'Angry-engaged' citizens present a new challenge for Calgary, but not a unique one

Yelling and swearing and even a death threat have come to characterize public-engagement sessions in Calgary, but the city is far from alone in seeing its civic gatherings devolve into uncivil behaviour, according to an American expert on public participation.

Council grapples with how to interact with an irate and often only partially-informed public

City of Calgary transportation spokesman Sean Somers, left, listens to some impassioned criticism of the southwest transitway project during a public information session in the Woodbine community. (CBC)

Yelling and swearing and even threats of violence have come to characterize public-engagement sessions in Calgary, but the city is far from alone in seeing its civic gatherings devolve into such uncivil behaviour, council heard Monday.

"Things are changing," said city manager Jeff Fielding, who held top administrative jobs in Kitchener, Burlington, and London, Ont., before taking on his current role in Calgary in 2014.

"People are not only engaged, but they're angry-engaged."

Fielding said he's observed a marked increase in "the degree of acrimony" in the public's behaviour over the past five years, in particular.

His comments came during a special council meeting on the city's public-engagement policies.

Mayor Naheed Nenshi said Monday's meeting had been planned months earlier but acknowledged the coincidental timing with the "elephant in the room" — last week's testy information session on the southwest transitway project.

The day after that public meeting, Nenshi announced all subsequent info sessions on the project would be cancelled due to verbal harassment and even threats of violence against city staff.

"I heard of 20-odd incidents that had happened, including the following: one member of the public saying about one of my colleagues, 'Where is that bitch? I'm going to strangle her,'" Nenshi said in explaining his decision.

The mayor also revealed a city employee had been physically assaulted at an earlier public-engagement session on the same project in October, with her clothing pulled at and her name tag ripped off.

'Berated, demeaned, physically assaulted'

The mayor didn't name that employee but she came forward via a public Facebook post, saying the pattern of behaviour at such sessions is nothing new.

"I have been berated, demeaned, physically assaulted and disrespected by complete strangers on too many occasions," Emma Stevens wrote.

"I'm sorry for the Calgarians that now won't get the chance to provide their input in person because of the behaviour of some of their neighbours," she added.

"But I'm also, frankly, relieved that I won't be put in a position that compromises my safety and well-being."

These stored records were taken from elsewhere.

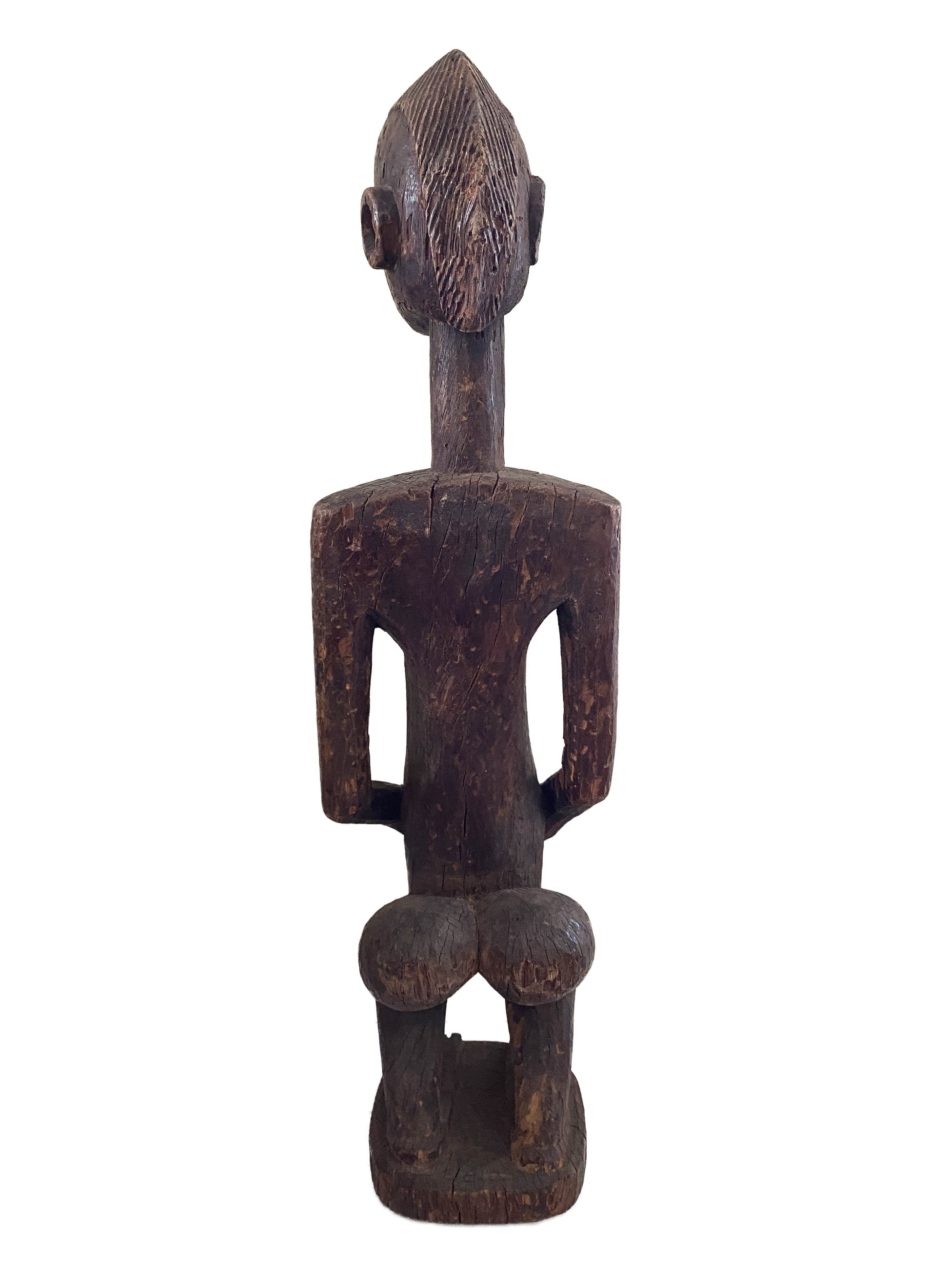Superb old hand carved pregnant Female Figure from the Bamana people , Mali . The statue features a female Bamana standing with her hands on her pregnant belly.The sculpture is used to honor women and their maternal role in ceremonies and festivals minor cracking and imperfections. please inspect photos carefully or inquire for more detail.7" L x 7" W x 28" H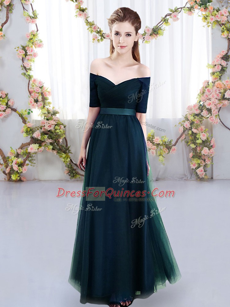 Navy Blue Quinceanera Court Dresses Prom and Party and Wedding Party with Ruching Off The Shoulder Short Sleeves Lace Up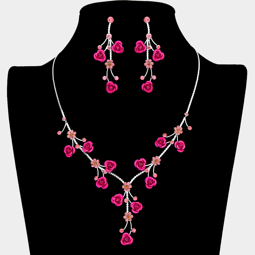 Rhinestone Embellished Rose Flower Cluster Vine Necklace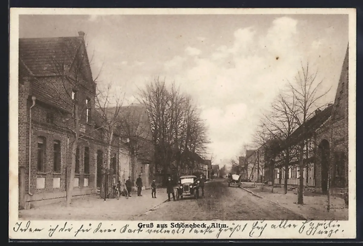 AK Schönebeck / Elbe, Strassenpartie mit Automobil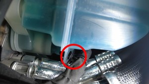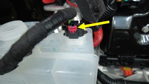 在冷却液罐附近,将电气连接器连接到动力总成供给软管传感器。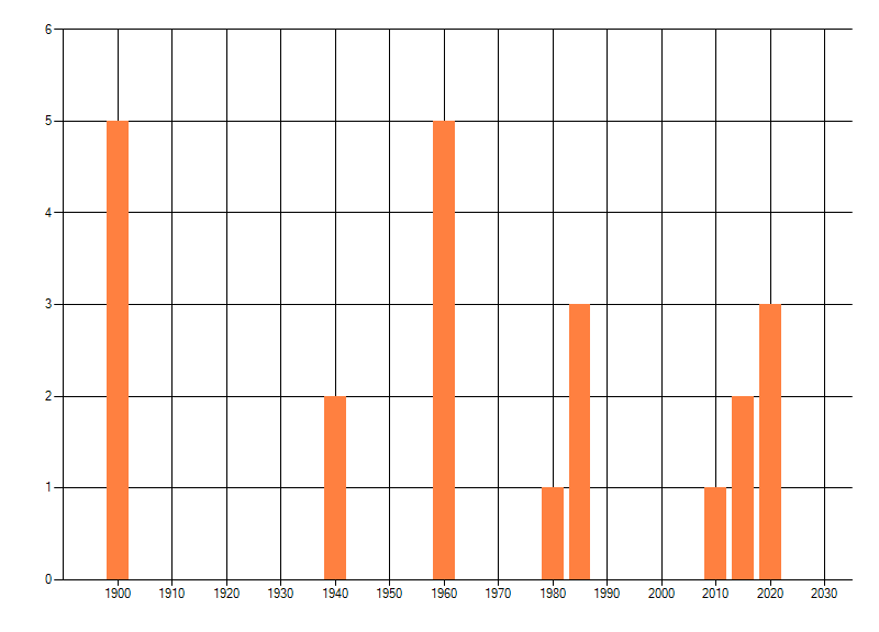 Het aantal atlasblokken (5x5 km) waarin de soort is gemeld binnen een periode van vijf jaar (vanaf 1980) of twintig jaar. Niet gecorrigeerd voor waarnemersinspanning en het aantal doorgegeven waarnemingen kan sterk variëren per periode, dus een trend in verspreiding kan hier niet direct uit worden afgelezen. Het opgegeven jaartal is het eerste jaar van de periode. Bron: gevalideerde waarnemingen uit de NDFF.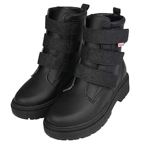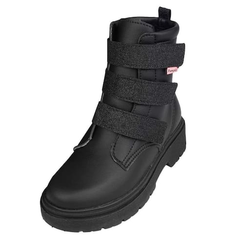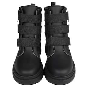 Bota coturno feminina cano médio em material sintético com recortes de glitter no tira autocolante e na parte traseira, moderna e descolada! Forrado em tecido que auxilia na absorção do suor.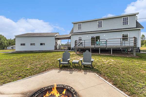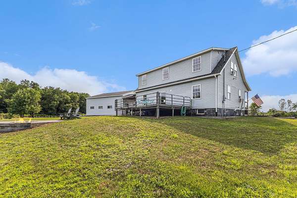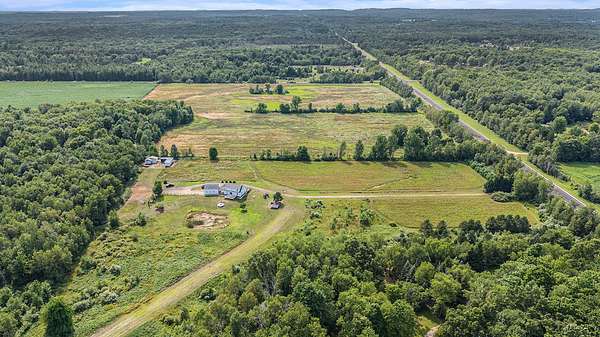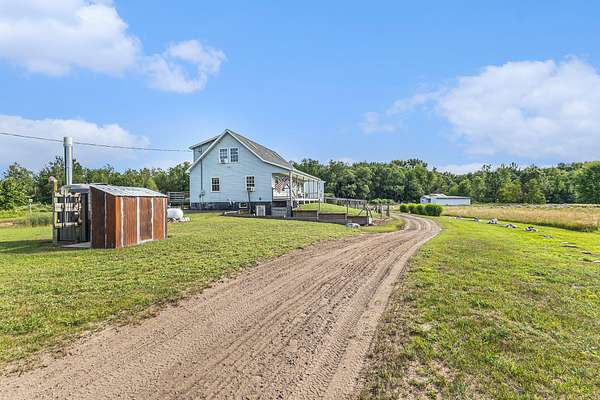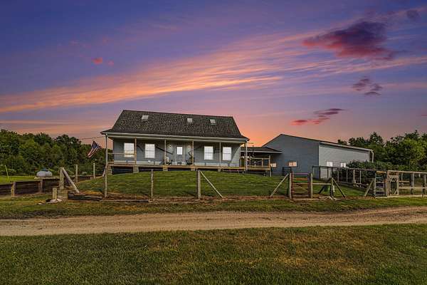 If you're looking for the perfect hunting retreat with all the comforts of home, this modern farmhouse delivers. Nestled on 40 private acres, this property is a true hunter's paradise, featuring established food plots designed to attract wildlife year around. Beyond the woods and wildlife, the home itself offers 4 bedrooms (3 upstairs, 1 on the main level) and 3 full baths, with the entire main floor handicap accessible. Enjoy peaceful mornings on the covered wraparound porch, and cozy evenings around the firepit. Additional features include: Full walkout basement, detached 32x36 garage with work area along, barns and outdoor wood boiler. This property has everything you need for a comfortable country lifestyle and prime hunting ground right out your back door.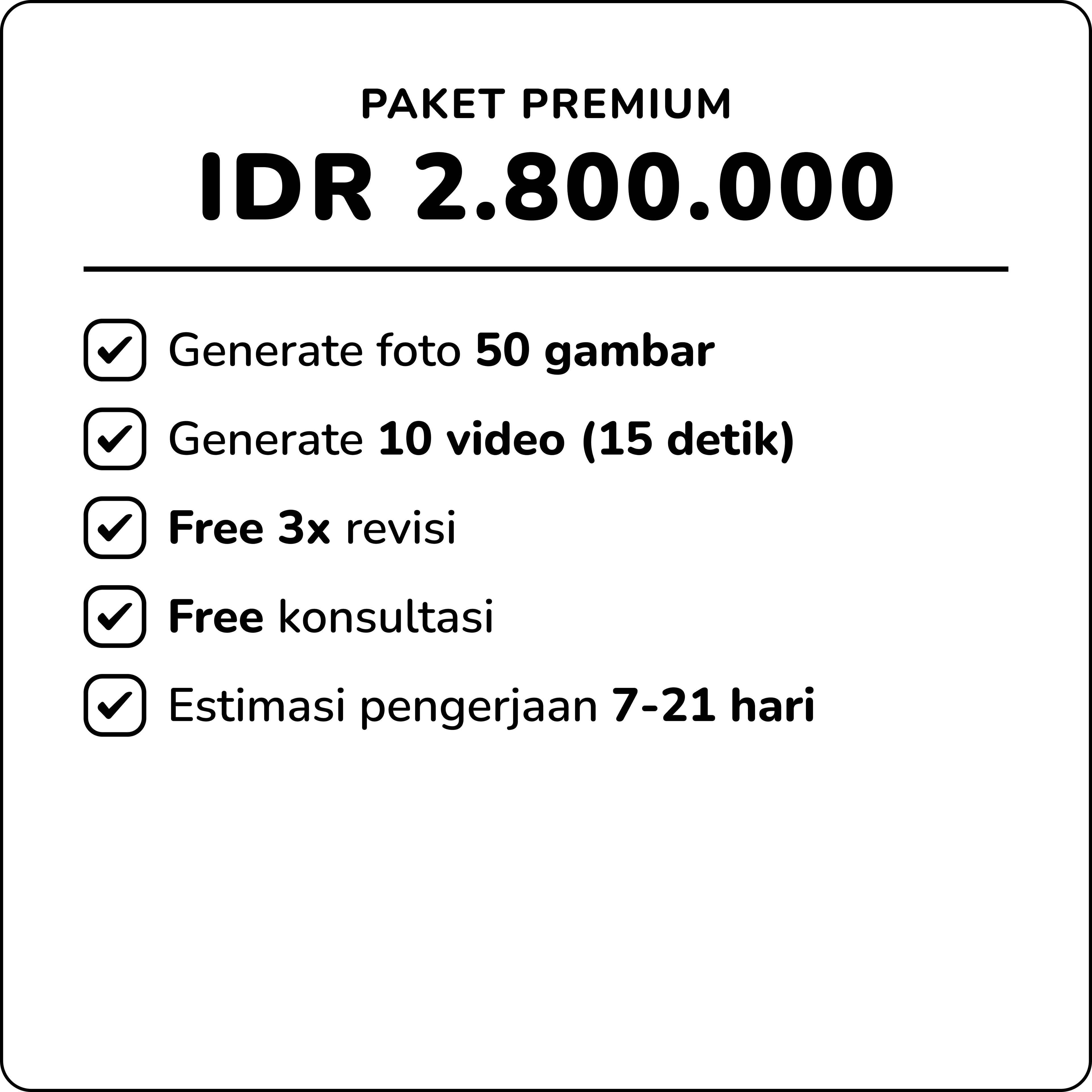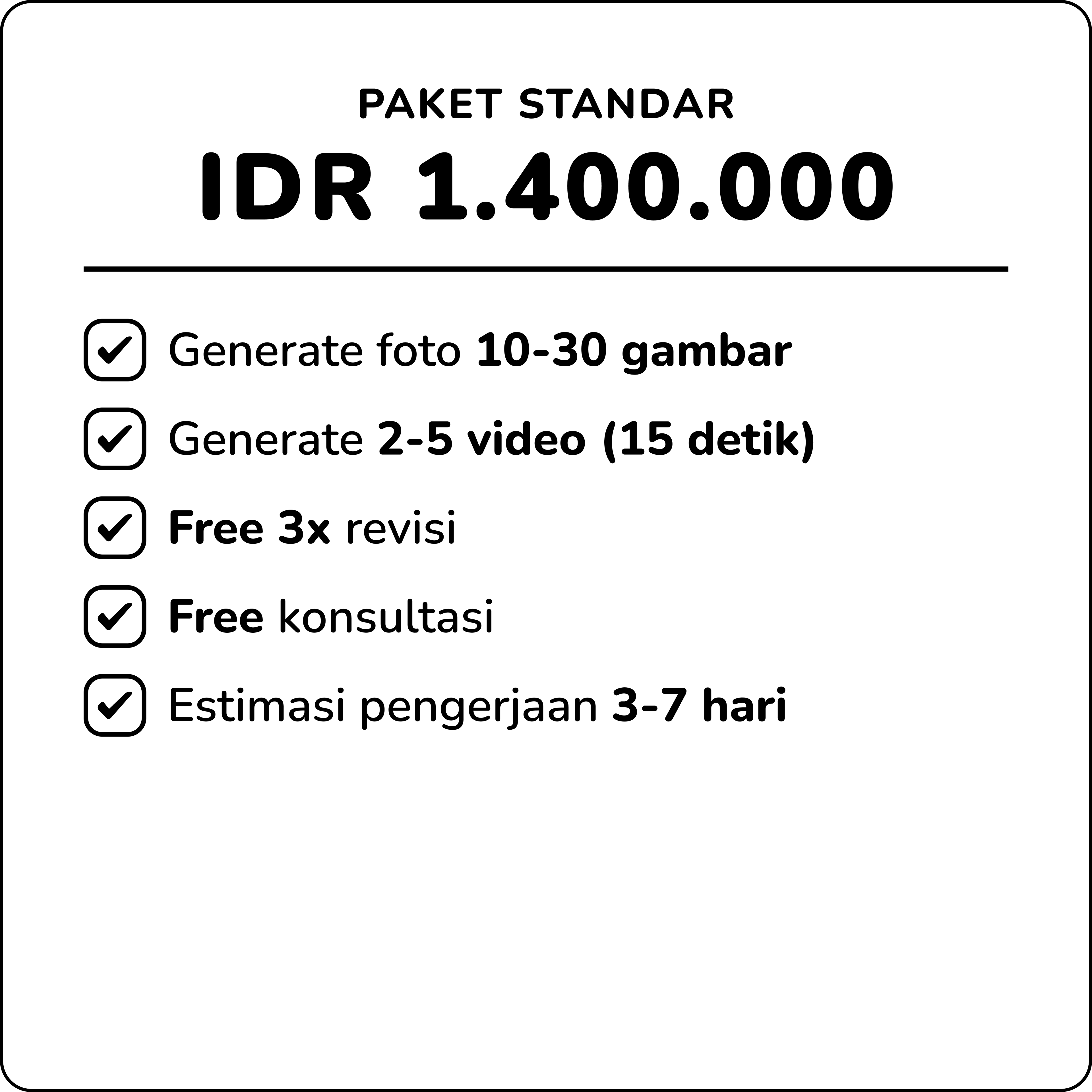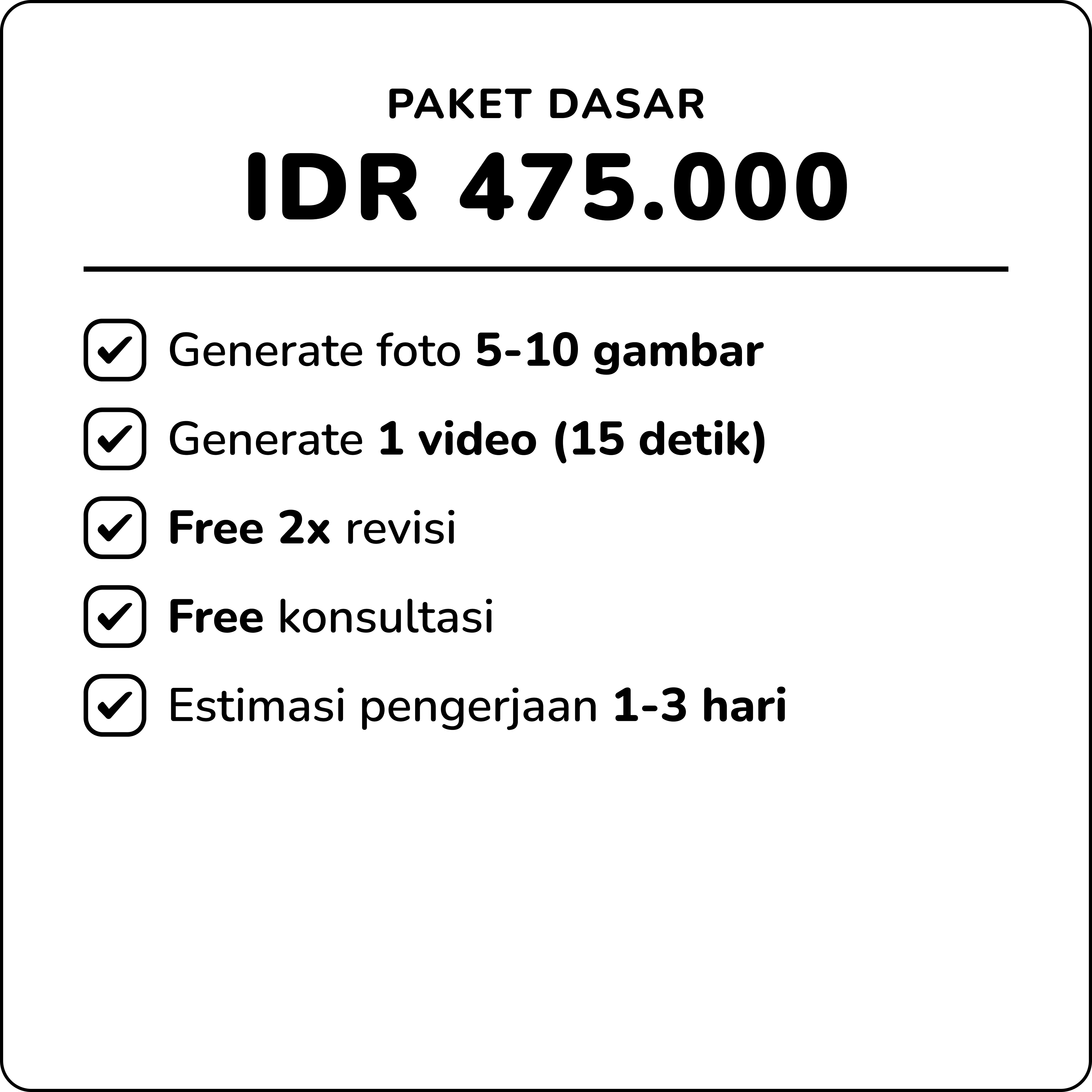 Kami membantu Anda mengubah ide dan imajinasi menjadi karya visual yang unik dan inovatif. Dengan keahlian dalam perancangan model AI, kami akan mewujudkan setiap kebutuhan konten Anda menjadi gambar dan video yang menarik dan berkesan. Anda akan mendapatkan lebih dari sekadar output dari AI. Kami akan membantu Anda menentukan prompt yang tepat, mengeksplorasi berbagai gaya visual, dan menghasilkan konten yang selaras dengan persona brand Anda. Percayakan kebutuhan konten Anda kepada kami untuk hasil yang personal, berkualitas, dan berdampak nyata bagi bisnis Anda.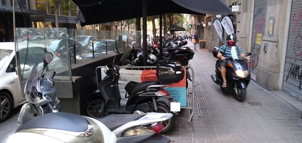 Les voreres de l´Eixample segueixen plenes de motos aparcades de forma il·legal. La gran majoria en semi-bateria, ocupant entre un 30 i 50% de la vorera. Per davant d´escocells, a menys de 2m de pas de vianants i moltes accedint a la vorera amb el motor en marxa.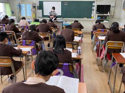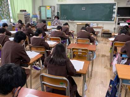 本日2時間目、6年生1・2組の授業のようすです。「大阪市小学校学力経年調査」の国語のテストを受けています。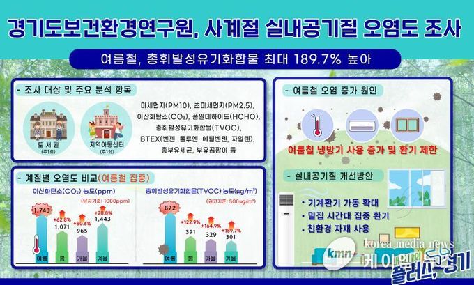 (케이엠뉴스) 경기도보건환경연구원이 도서관과 지역아동센터의 사계절 실내 공기질을 조사한 결과, 여름철에 이산화탄소(CO₂)와 총휘발성유기화합물(TVOC)농도가 가장 높은 것으로 나타났다.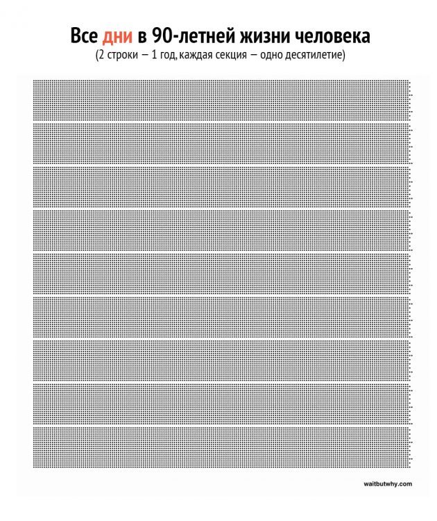Писатель Тим Урбан пошёл ещё дальше. Он разбил 90-летнюю жизнь на дни и сделал календарь.

The city will continue to carry out online engagement as it finalizes plans for the bus rapid transit expansion in the southwest, but all in-person gatherings have been called off.

Fragmented media reinforces worldviews

The shift toward angrier people at public-engagement sessions has also been noticeable in the United States, according to public-participation specialist Wendy Green Lowe, who visited Calgary to work with council at Monday's meeting.

Lowe blamed fragmentation of media, in large part, for the growing lack of civility.

With so many sources of information now available, she said people often pick and choose what to believe, eroding the common ground once shared by even the most ideologically opposed citizens.

"When I was growing up, there were three channels on the television and all three of them provided news in an objective way — they tried very much to provide a balanced explanation of what was happening," she told council.

"Right now, people are choosing their news sources to affirm their worldview, and what that means is we don't have a level playing field in society's understanding of issues. People believe fundamentally different things about all kinds of topics."

Discussion or disruption?

Coun. Druh Farrell said some recent open houses have created unsafe situations, as large groups of agitated citizens gather in relatively cramped spaces.

"As a councillor, you're swarmed by people," she said. "And that puts certain individuals at great risk, I believe."

Mac Logan, the city's general manager of transportation, said last week's meeting on the southwest transitway, in particular, was unlike any he had seen.

"It's one of the only times I've ever seen a group of people in an engagement process try to disrupt the discourse with other people, who were either supportive or who were neutral and just coming for information," Logan said.

"I've never experienced that, in the last decade, certainly."